One of the current social media trends is to take a quiz to find out who you are – as in which character from a variety of sources like The Big Bang Theory or Game of Thrones or Star Trek, or Peanuts or a classic book. There is no shortage of these quizzes to determine whether you are more like Sheldon or Leonard, Tyrion Lannister or Theon Greyjoy, Captain James T. Kirk or Mr. Spock. Apparently, of all the Disney characters, I am most like Mickey Mouse. Huh? In my mind I think I am more like Jiminy Cricket.
I get that this is just the latest Internet distraction but it points to our tendency to seek inner validation from outside sources. Too often we allow ourselves to be defined by other people – parents, spouses, children, co-workers – rather than figuring out our own answer to the question: Who am I?
Probably the first time we really considered that all important question is some time during our teenage years when we were trying to establish our identity.
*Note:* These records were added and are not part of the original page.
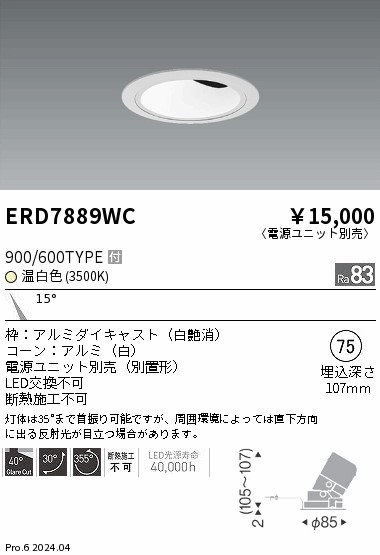 遠藤照明 ERD7889WC グレアレスユニバ_900/600タイプ_3500K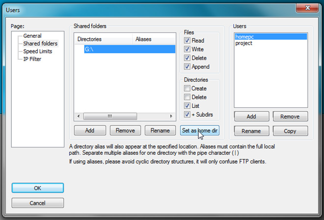Phần Files và Directories cho phép chúng ta xác nhận mức phân quyền đối với các tài khoản người dùng, bao gồm: đọc, ghi, xóa, liệt kê. Ở chế độ mặc định, chương trình sẽ tự động gán quyền tới tất cả các thành phần bên trong thư mục được chia sẻ đó. Tuy nhiên, các bạn có thể tắt bỏ tùy chọn +Subdirs để hạn chế việc truy cập, trong phần Shared Limits là việc thiết lập tốc độ download và upload tối đa đối với từng tài khoản, tùy từng khoảng thời gian trong ngày, và trong phần IP Filter chúng ta có thể loại bỏ các địa chỉ IP cố định: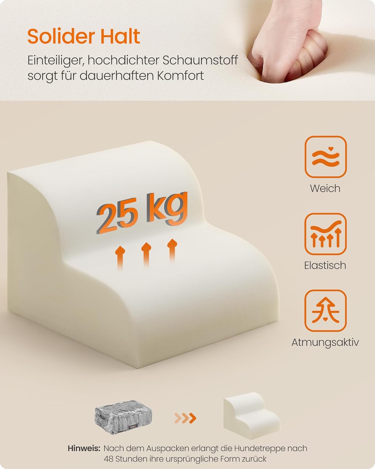 - Pflegehinweise: Die Hundetreppe kommen mit Bezug bei Ihnen an – keine Montage erforderlich! Nach dem Auspacken 48 Stunden ruhen lassen, damit sie ihre ursprüngliche Form wiedererlangt. Der Schaumstoff ist NICHT waschbar
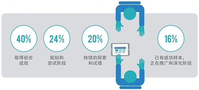 从调研总体看,40%的企业在数字化转型中“已取得初步成效”,24%的企业处于“规划和尝试阶段”,20%的企业正在“持续的探索和试错”。最后仅有16%的企业“已有成功样本,正在推广和深化阶段”。虽然数字化转型在企业的广泛实施已超过5年,但能够取得成功样本的企业“不足两成”。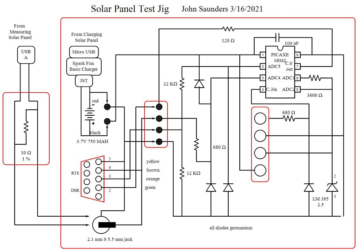 I made this device to measure the total daily charge of a portable solar panel with a 5V output via a USB-A socket. Each of several was tested for weeks. Another solar panel keeps the included battery charged.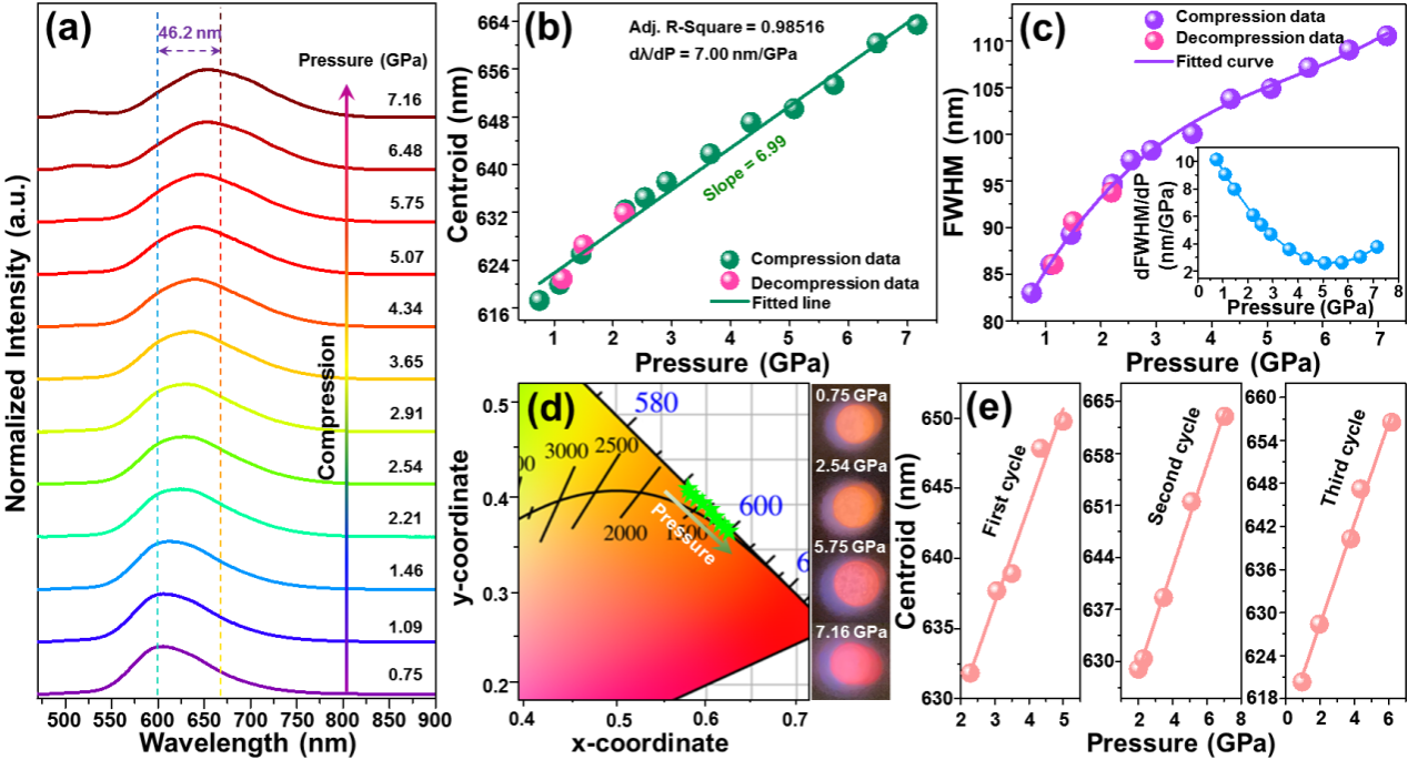 近年来,稀土/过渡金属掺杂发光材料由于其独特的光学特性而被广泛应用于白光LED、光学温度传感、光催化、压力检测等领域。其中,荧光检测因其具有分辨率高、非接触、相应速度快等优势,而被大量研究。近年来,荧光压力传感因其具有非接触、响应速度快、高分辨等优势而被广泛研究,其中红宝石(Al2O3:Cr3+)作为商业化产品而备受青睐。然而,红宝石具有灵敏度低(dλ/dP = 0.365 nm/GPa)、高压荧光猝灭等缺陷,限制其进一步的使用推广。针对上述问题,麻豆av 陶瓷发光实验室以Mn2+掺杂NaY9(SiO4)6O2红色荧光粉为研究对象,获得了具有高效率的压敏发光材料。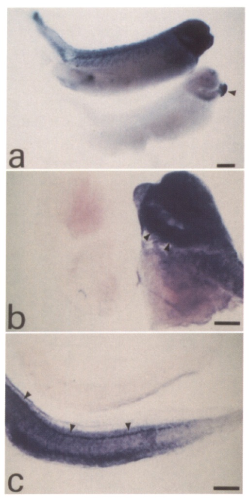 XShal signal. b, In the head, both the brain and the gill area (arrowheads) show intense staining. c, Along the length of the spinal cord, the dorsal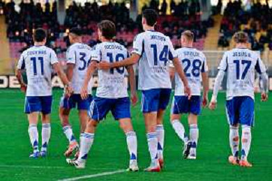 TVEM December 27, 2025 Lecce, Italy - US Lecce vs Como 1907 - Italian soccer serie A 2025/26 - Via Del Mare Stadium. In the pic: Tasos Douvikas of Como 1907 celebrates after scoring a goal with teammates FOTO EMMANUELE MASTRODONATO-AG ALDO LIVERANI SAS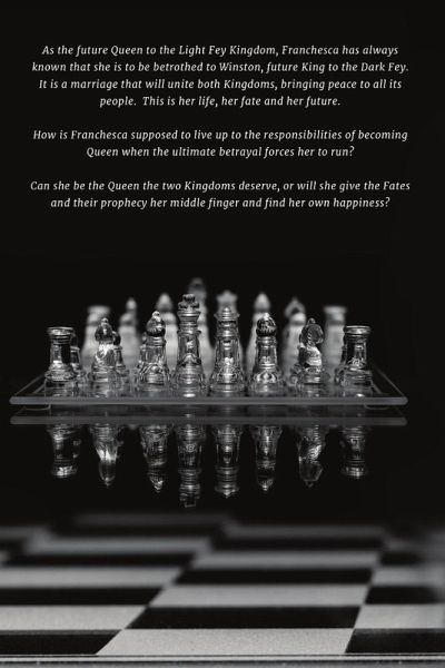 As the future Queen to the Light Fey Kingdom, Franchesca has been betrothed to the future King of the Dark Fey her entire life. For a marriage of their Kingdoms is required to unite the Fey Realm, bringing peace to all its people. This is her life. Her fate. Her future. Yet, how can she live up to her royal responsibilities when the ultimate betrayal forces her to flee? Can she be the Queen the two kingdoms need? Or will she give the Fates - and their prophecy - the middle finger to find her own happiness? This is a Reverse Harem Series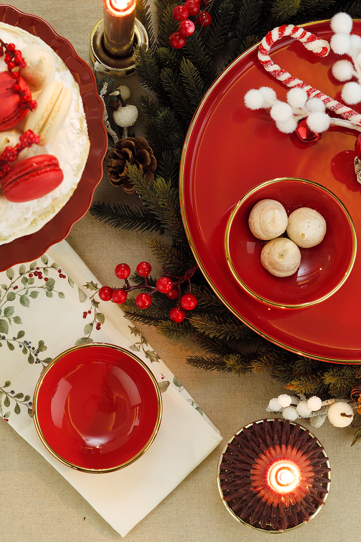 | Yılbaşı koleksiyonumuz Holyday Holyday’in renk paleti klasik yılbaşı ruhunu çağırırken modern bir sakinlik taşıyor: Derin Yeşil: Çam ağaçlarının huzuru; doğayı ve sürekliliği simgeliyor. Kırmızı: Kutlamanın kalbi; sıcaklık, canlılık ve neşeyi sofraya taşıyor. Altın İnce Çerçeve: Işığın sofradaki karşılığı. Sade formlara zarif bir “özel gün” dokunuşu ekliyor. Bu üçlü, hem nostaljik hem çağdaş bir tat yaratıyor: “her yıl aynı heyecanla kurulan ama her seferinde yeni anılarla dolan” sofralar gibi. |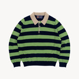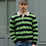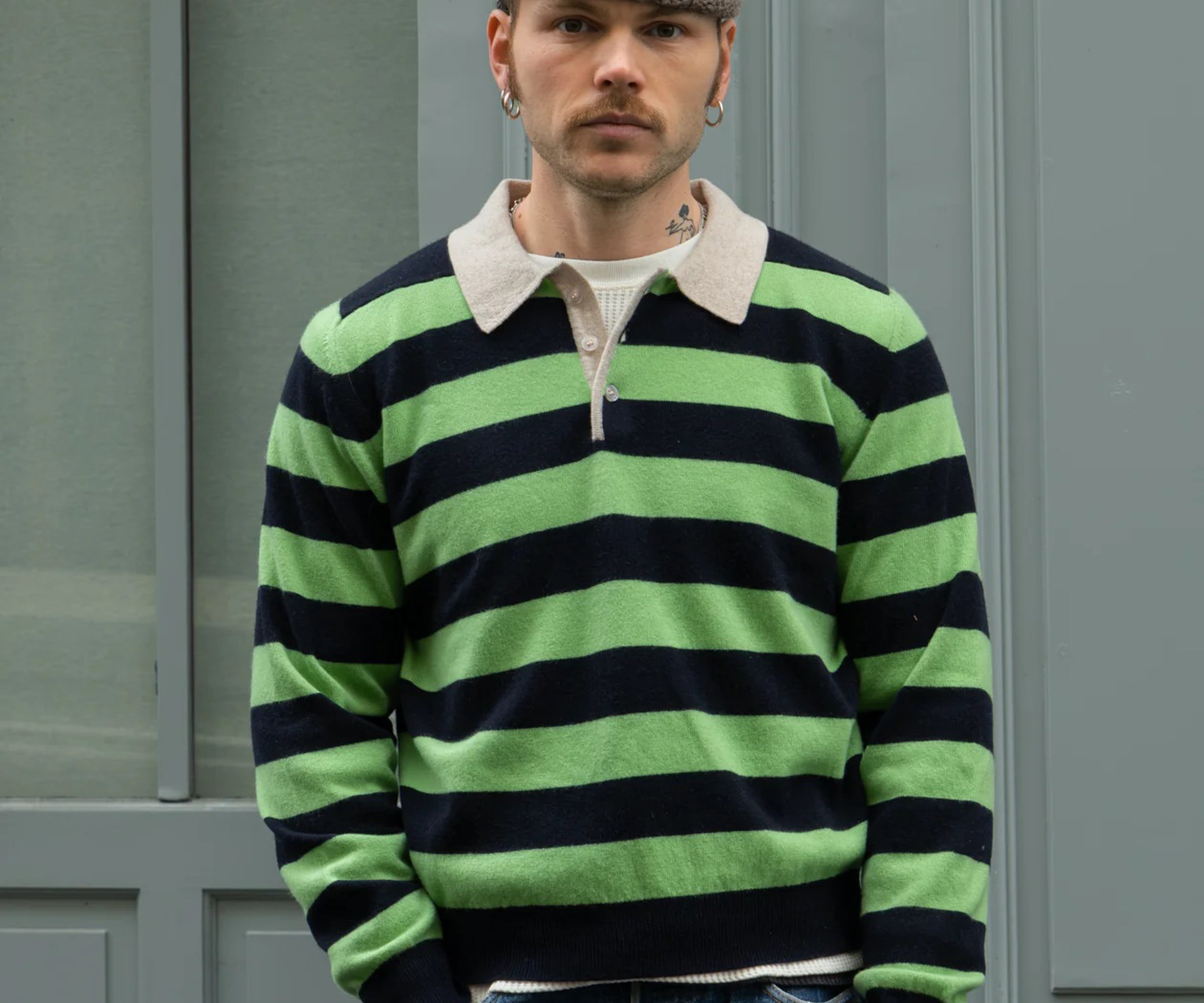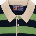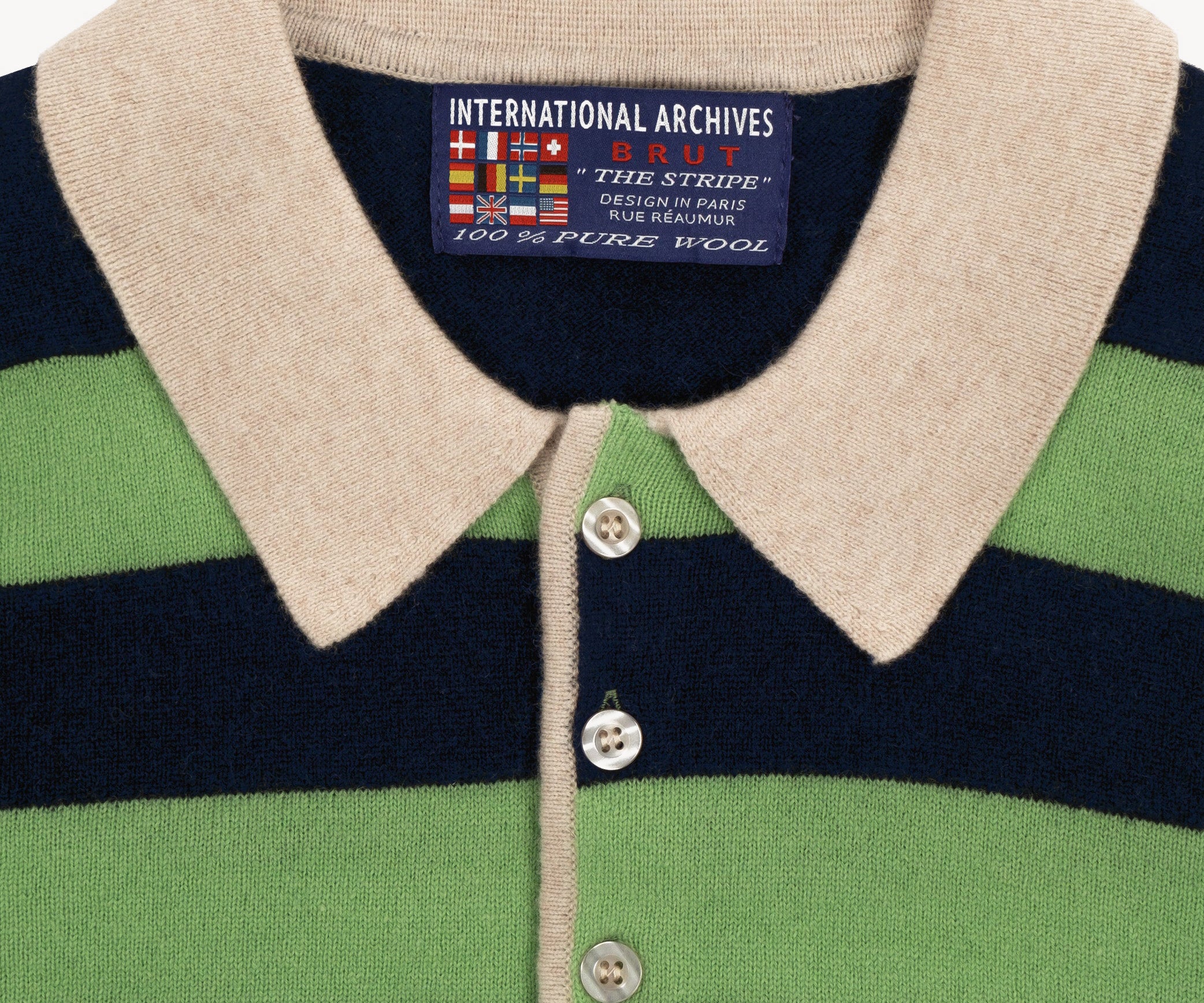 ID : The STRIPED POLO is blending our love for vintage knitwear and for good craftsmanship. Made from 100% wool it features bold front stripes and a contrasting collar.

Then life got busy and for most people that question didn't surface again until mid-life.
By then it quite likely morphed into, "Who am I now?"... now that the kids have left home or now that retirement is approaching or now that I have fewer years ahead than I do behind me.
It's easy to answer the “who am I” question with a superficial list of the roles we fulfill. I am a wife, mother, sister, friend, life coach, speaker. But the real answer to the who am I question is about the qualities we embody or values we embrace. It encompasses ideas of life purpose and legacy which requires a deeper conversation with ourselves.
Reflecting on who we are can be a moderately uncomfortable experience. Perhaps that's why we spend so little time actually doing it. According to a University of Virginia study, people are so uncomfortable with quiet contemplation that they would rather get a minor electrical shock than be alone with their thoughts.
Perhaps there is way to play with this question that is more desirable than an electric shock. Instead of thinking, “who am I?” in the great cosmic sense, consider asking yourself, "Who am I being right now?" Your answer might be supportive, compassionate, light hearted, argumentative, judgmental, dismissive or any number of other qualities. Then ask yourself, "Is this who I want to be?"
If no, you can always choose to show up differently in a way that is a better fit with how you want to see yourself.
When people do those Internet quizzes sometimes they are happy with the result because they see that character as a match for the qualities they believe they have. Sometimes they push back thinking, I am not that, I am more this. Some people even repeatedly take the test, changing their answers until they eventually get a result they like.